Retrieval-Augmented Generation (RAG) is a method that combines the capabilities of large language models with external or proprietary data sources. It involves extracting relevant information from a large corpus and then generating context-appropriate responses to queries.

Your task is to create a Retrieval-Augmented Generation (RAG) system using a Large Language Model (LLM). The RAG system should be able to retrieve relevant information from a knowledge base and generate coherent and informative responses to user queries.

Steps:

1. Choose a domain and collect a suitable dataset of documents (at least 5 documents - PDFs or HTML pages) to serve as the knowledge base for your RAG system. Select one of the following topics:
   * latest scientific papers from arxiv.org,
   * fiction books released,
   * legal documentsor,
   * social media posts.

   Make sure that the documents are newer then the training dataset of the applied LLM. (20 points)

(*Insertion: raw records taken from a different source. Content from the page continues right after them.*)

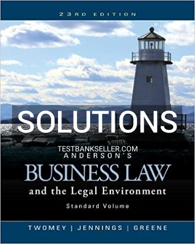 Solutions Manual for Andersons Business Law and the Legal Environment Standard Volume 23rd Edition Twomey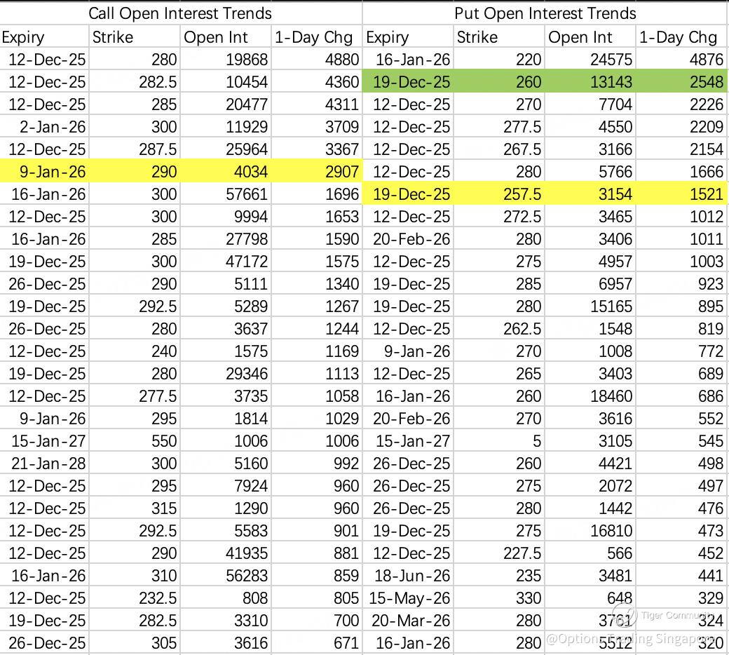 Expected weekly range: $270–292.5. There is sporadic opening of various 300C positions across expiries, but hitting 300 this week is highly unlikely.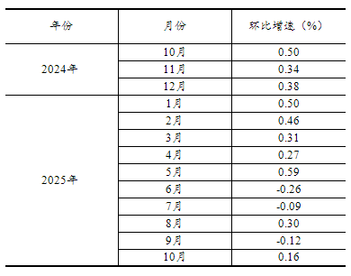 根据季节调整模型自动修正的结果,对2024年10月份以来的社会消费品零售总额环比增速进行修订。修订结果及2025年10月份环比数据如下: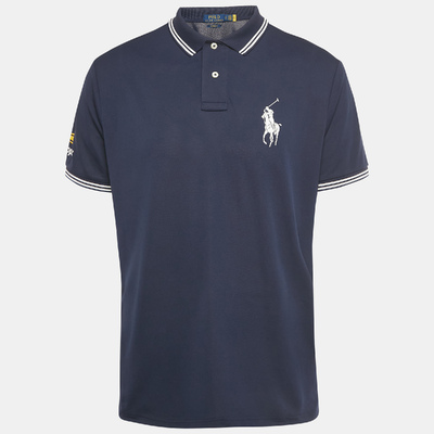 A navy polo that gets the Ralph Lauren balance just right—smart, easy, dependable. The logo print gives it a sportier twist, ready for weekends that blend errands and espresso stops.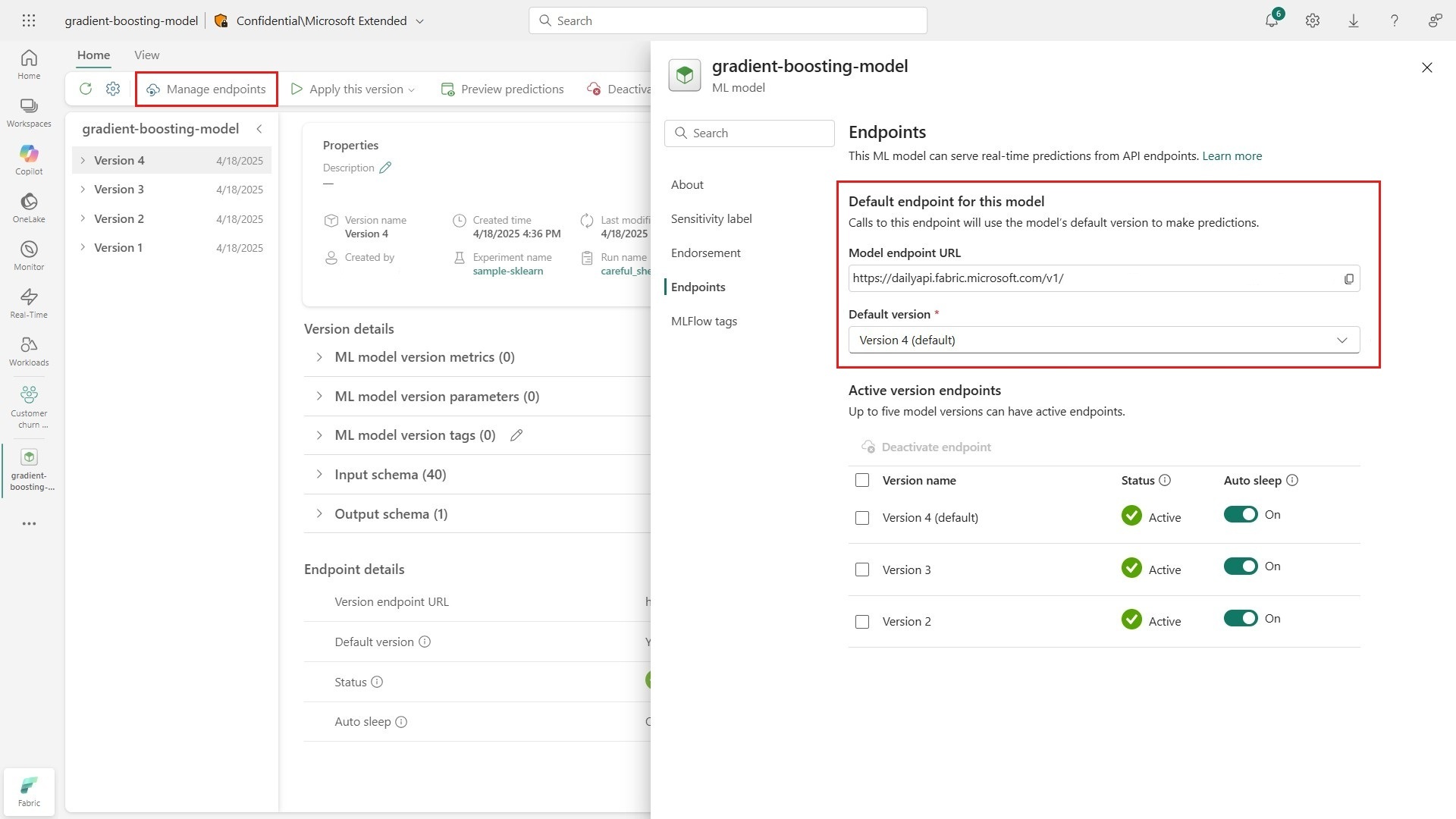 For an overview of your model's active endpoints, select "Manage endpoints" from the ribbon in the interface. Every model has a customizable default endpoint, which serves predictions from a version that you choose. You can update the default version using the dropdown selector in the settings pane.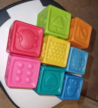Set de cubos sensoriales de diferentes texturas y colores para estimular a los bebés. - Incluye cubos con relieves, números y caras. - Materiales suaves y seguros para los más pequeños. - Diseños variados para el desarrollo táctil y visual.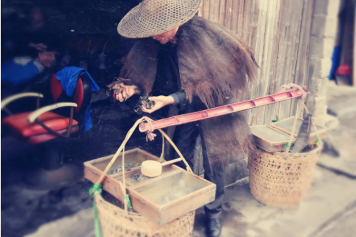 挑“貨郎擔(dān)”用的扁擔(dān)和一般的扁擔(dān)是不一樣的,杉木扁擔(dān)很軟,挑的過程當(dāng)中會(huì)很有節(jié)奏的搖起來。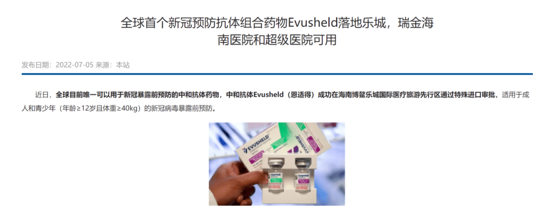 打两针,防新冠——对于特殊人群,这句标语具有多大的吸引力?博鳌超级医院和瑞金海南医院的咨询接线生最有体会。 近日,全球唯一一款可用于新冠病毒感染预防药物Evusheld(恩适得)在中国大陆首次先行先试准入的消息获得广泛关注。目前,恩适得尚未获得CDE(国家药品监督管理局药品审评中心)批准上市,根据“国九条”相关政策,恩适得仅可在乐城先行区使用。 据报道,恩适得价格为13300元,且不能使用医保结算。 可降低病毒进入和感染健康细胞的能力? 据海南博鳌乐城国际医疗旅游先行区网站文章介绍,Evusheld由两种全人源长效单克隆抗体替沙格韦单抗(Tixagevimab,AZD8895)和西加韦单抗(Cilgavimab,AZD1061)的抗体组成,可以模拟人体的天然抗体防御机制,通过与新冠病毒刺突蛋白上的不同位点结合,降低病毒进入和感染健康细胞的能力,并有助于清除已被感染的细胞。

2. Create three relevant prompts to the dataset, and one irrelevant prompt. (20 points)

3. Load an LLM with at least 5B parameters. (10 points)

4. Test the LLM with your prompts. The goal should be that without the collected dataset your model is unable to answer the question. If it gives you a good answer, select another question to answer and maybe a different dataset. (10 points)

5. Create a LangChain-based RAG system by setting up a vector database from the documents. (20 points)

6. Provide your three relevant and one irrelevant prompts to your RAG system. For the relevant prompts, your RAG system should return relevant answers, and for the irrelevant prompt, an empty answer. (20 points)


# Intalling Dependencies


# Imports

Here we will import necessary python libraries as well as defining our private user access token from Huggingface to access models.

In [1]:
from huggingface_hub import login
from langchain.llms import HuggingFacePipeline
from transformers import AutoModelForCausalLM, AutoTokenizer, GenerationConfig, pipeline, BitsAndBytesConfig
from textwrap import fill
from langchain.prompts import PromptTemplate
import locale
from langchain.document_loaders import UnstructuredURLLoader
from langchain.vectorstores.utils import filter_complex_metadata # 'filter_complex_metadata' removes complex metadata that are not in str, int, float or bool format
from langchain.vectorstores import FAISS
from langchain.embeddings import HuggingFaceEmbeddings
from langchain.text_splitter import RecursiveCharacterTextSplitter

from langchain.prompts import PromptTemplate
from langchain.chains import RetrievalQA

locale.getpreferredencoding = lambda: "UTF-8"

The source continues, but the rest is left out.